*Exercise details:* Look below for the line containing "截至4月7日,安信周期优选股" and the line containing "In cadrul evenimentului", then set down both and every line between them exactly, without pictures.

*Stored data:*

================================

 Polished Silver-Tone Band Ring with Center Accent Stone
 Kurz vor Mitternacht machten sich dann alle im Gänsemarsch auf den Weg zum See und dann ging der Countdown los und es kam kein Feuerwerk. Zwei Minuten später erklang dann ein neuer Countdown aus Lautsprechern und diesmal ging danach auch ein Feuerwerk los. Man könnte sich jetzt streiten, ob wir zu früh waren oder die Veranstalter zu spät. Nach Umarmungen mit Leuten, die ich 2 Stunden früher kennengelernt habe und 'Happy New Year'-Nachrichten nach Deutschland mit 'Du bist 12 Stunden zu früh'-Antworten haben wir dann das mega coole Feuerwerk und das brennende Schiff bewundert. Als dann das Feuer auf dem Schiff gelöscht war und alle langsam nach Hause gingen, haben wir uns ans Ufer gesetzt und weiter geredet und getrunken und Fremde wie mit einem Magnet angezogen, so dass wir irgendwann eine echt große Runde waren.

================================

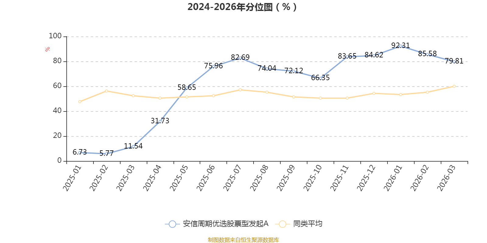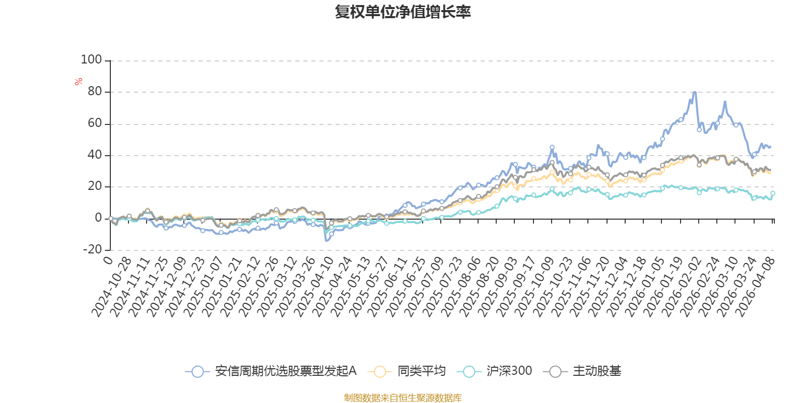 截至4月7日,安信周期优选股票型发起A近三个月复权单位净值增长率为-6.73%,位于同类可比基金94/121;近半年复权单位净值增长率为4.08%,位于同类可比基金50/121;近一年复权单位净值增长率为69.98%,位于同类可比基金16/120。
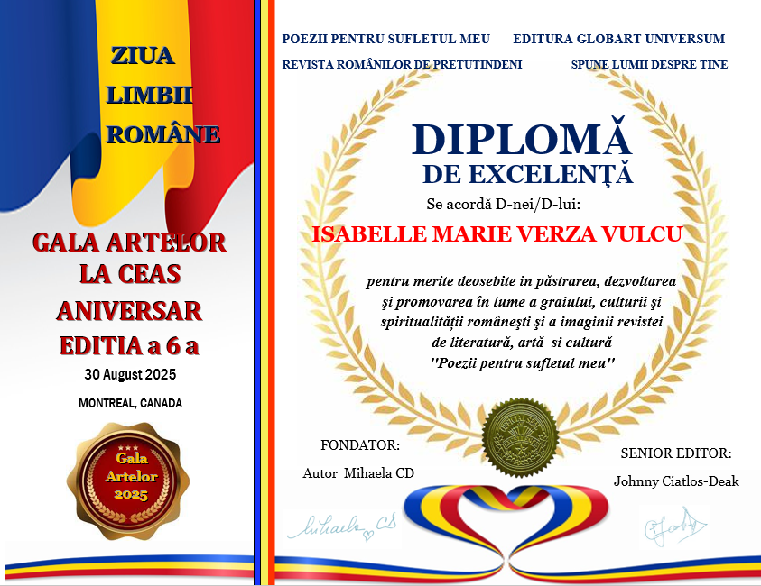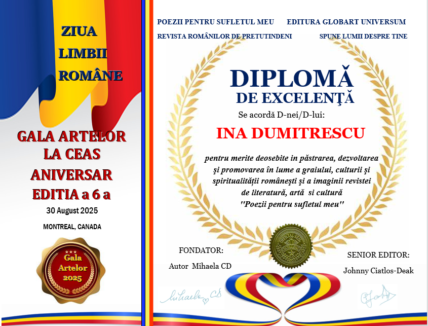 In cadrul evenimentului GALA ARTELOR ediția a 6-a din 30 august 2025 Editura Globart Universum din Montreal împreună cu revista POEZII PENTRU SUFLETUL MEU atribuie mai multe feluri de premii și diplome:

================================

*Written solution:*
 截至4月7日,安信周期优选股票型发起A近三个月复权单位净值增长率为-6.73%,位于同类可比基金94/121;近半年复权单位净值增长率为4.08%,位于同类可比基金50/121;近一年复权单位净值增长率为69.98%,位于同类可比基金16/120。
 In cadrul evenimentului GALA ARTELOR ediția a 6-a din 30 august 2025 Editura Globart Universum din Montreal împreună cu revista POEZII PENTRU SUFLETUL MEU atribuie mai multe feluri de premii și diplome:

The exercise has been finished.